Roberto Santos // Hay horrores que sacuden la conciencia, que deberían cambiar el rumbo de un país, que nos obligan a reaccionar. Y, sin embargo, no lo hacen.
Nos horroriza la fosa descubierta en un rancho. Un campo de exterminio disfrazado de centro de entrenamiento para sicarios, un Auschwitz a la mexicana que ninguna autoridad vio o quiso ver.
Indignan los restos calcinados, las pertenencias desperdigadas, las historias mutiladas de quienes pasaron por ahí. Pero nadie vio ni supo nada.
Ese rancho convertido en crematorio es solo una muestra del infierno que el crimen organizado ha perfeccionado.
Un sistema de muerte que atrapa a los jóvenes con falsas promesas de empleo altamente remunerados y los convierte en piezas desechables de esa banda de producción de terror.
El colectivo Guerreros Buscadores encontró otra prueba irrefutable de que, en México, la muerte no es un accidente, sino una maquinaria aceitada con impunidad y complicidad.
Hoy, Teuchitlán, Jalisco, es el epicentro del horror, pero sabemos que no es el único. Es solo la fosa que nos tocó ver esta vez.
Y en el país, la indiferencia también mata
Lo que debería estremecernos apenas provoca un murmullo pasajero. Y lo peor es que hay quienes prefieren ignorarlo.
Son los que se indignan más por una marcha feminista que por los cuerpos enterrados en el desierto.
Los que desvían la conversación hacia la política y las elecciones del nuevo Poder Judicial, pero callan cuando las madres buscadoras levantan huesos con las manos.
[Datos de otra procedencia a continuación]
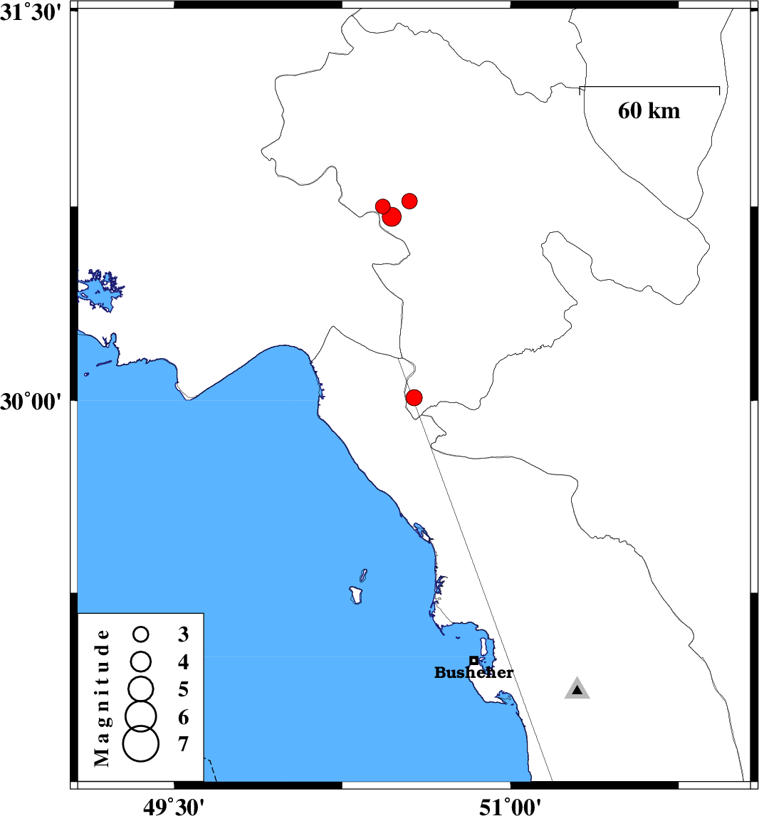 | 2014/06/17 | 06:38:41.5 | 11:08:41.5 | 30.01 | 50.57 | 42 | ML:3.3 | Kohkiluieh va boyerahmad Province, 48 km North of Bandar-e genaveh | ||
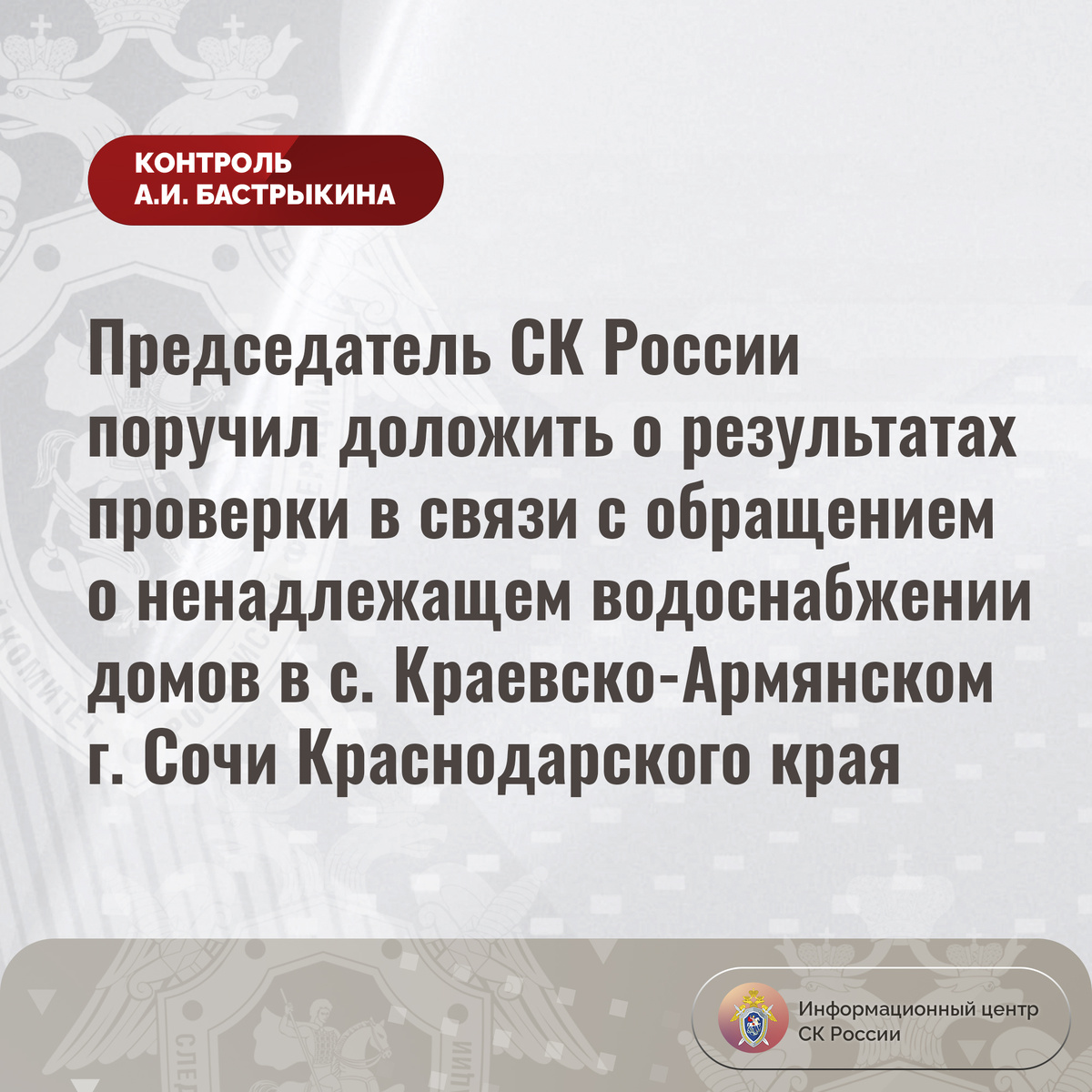 Председатель СК России поручил доложить о результатах проверки в связи с обращением о ненадлежащем водоснабжении домов в с. Краевско-Армянском г. Сочи Краснодарского края В Информационный центр СК России обратилась жительница Краснодарского края по вопросу продолжающегося нарушения прав жильцов ЖК «Измайловский парк» в селе Краевско-Армянском города Сочи. На протяжении трех лет в жилые помещения трех многоквартирных домов подается непригодная для потребления вода, не соответствующая санитарным нормам. При этом водоснабжение осуществляется с регулярными перебоями. Так, с июля прошлого года коммунальный ресурс не поступал в квартиры около месяца, аналогичное отключение произошло в январе текущего года. Многочисленные обращения граждан в компетентные органы результатов не принесли. Ранее А.И. Бастрыкин поручал представить доклад по указанной ситуации. В СУ СК России по Краснодарскому краю по данному факту проводилась процессуальная проверка. Председатель Следственного комитета Российской
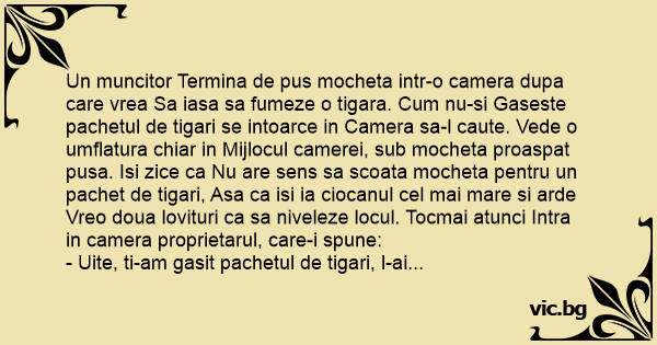 Un muncitor Termina de pus mocheta intr-o camera dupa care vrea Sa iasa sa fumeze o tigara. Сuм nu-si Gaseste pachetul de tigari se intoarce in Camera sa-l caute. Vede o umflatura chiar in Mijlocul camerei, sub mocheta proaspat pusa. Isi zice ca Nu are sens sa scoata mocheta pentru un pachet de tigari, Asa ca isi ia ciocanul cel mai mare si arde Vreo doua lovituri ca sa niveleze locul. Tocmai atunci Intra in camera proprietarul, care-i spune:

Los que justifican la violencia con discursos sobre “autodefensas” o “fuerzas del orden”, como si una ejecución o una desaparición tuvieran matices.
Este rancho en Jalisco no es el primero ni será el último.
Mientras México siga atrapado entre el miedo y la indiferencia, bajo el poder de la criminalidad, las fosas seguirán llenándose, los hornos seguirán ardiendo y las madres seguirán buscando.
Porque nadie más lo hará por ellas.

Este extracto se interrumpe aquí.